Compared with the Inception V1 network, the network adds a residual error and an improved CBAM channel attention module to expand the receptive field of the network, pays attention to the effective characteristics of the lung region, adds a cavity convolution module parallel to a convolution layer to supplement lost detail information, and finally forms three different multi-scale CT characteristic fusion modules and carries out two-time series stacking. Therefore, the lung CT image is subjected to multi-scale feature extraction and fusion, the CT feature extraction capability of the network is enhanced, and more accurate and effective CT features are obtained.
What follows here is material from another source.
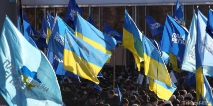 Сторонники "Партии регионов" организованными колонами подходят к месту проведения митинга у Верховной Рады.
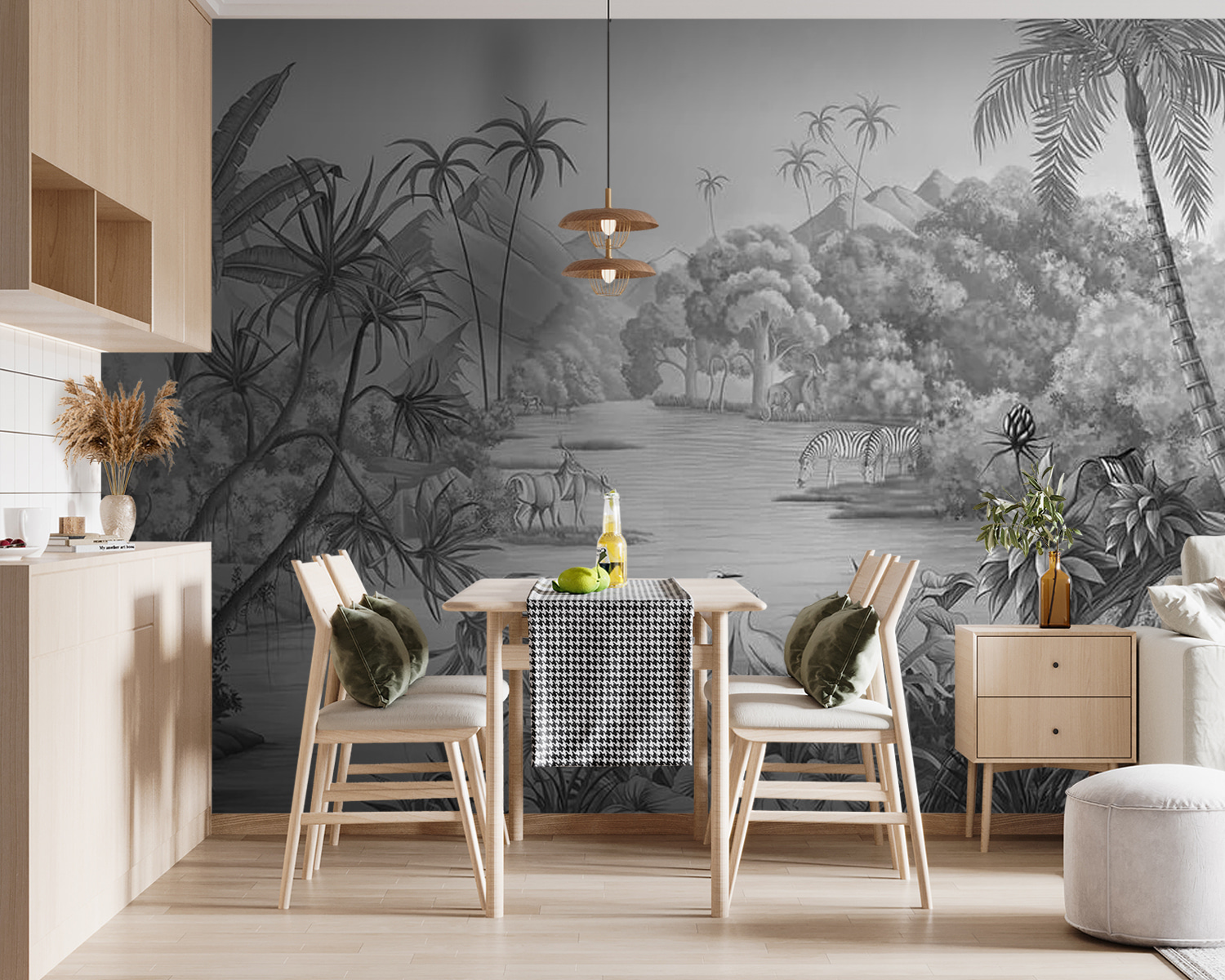 Kalandvágyónak érzi magát? Ez a “Fotótapéta Zebras Drinking Water” nyomtatás több mint egyszerű dekoráció – olyan, mintha egy titkos dzsungel oázisába kukkantana be. Képzelje el, ahogy a reggeli kávéját kortyolgatja, miközben a zebrák, ezek a stílusos csíkos csodák, egy nyugodt vízlelőhely mellett gyönyörködnek. Ez nem csak művészet, hanem egy mini vakáció a nyüzsgésből. Ez a falfestmény tökéletesen alkalmas arra, hogy egy kis vadságot vigyen a terébe, hiszen a dzsungel fáinak buja hangulatát az afrikai vadvilág nyugodt bájával ötvözi. Gondolj rá úgy, mint egy gyengéd lökés a kalandvágyó lelkednek, itt a falon – repülőjegy nélkül!

The front-end down-sampling module comprises three serially-connected 3 x 3 convolution layers, a maximum pooling layer, a 1 x 1 convolution layer, two serially-connected 3 x 3 convolution layers and a maximum pooling layer which are sequentially cascaded;

the multi-scale CT feature fusion module comprises 2 serially-connected multi-scale CT feature fusion modules A, a first maximum pooling layer, 2 serially-connected multi-scale CT feature fusion modules B, a second maximum pooling layer, 2 serially-connected multi-scale CT feature fusion modules C, an average pooling layer, a global average pooling layer, a first full-connection layer and a second full-connection layer which are sequentially cascaded.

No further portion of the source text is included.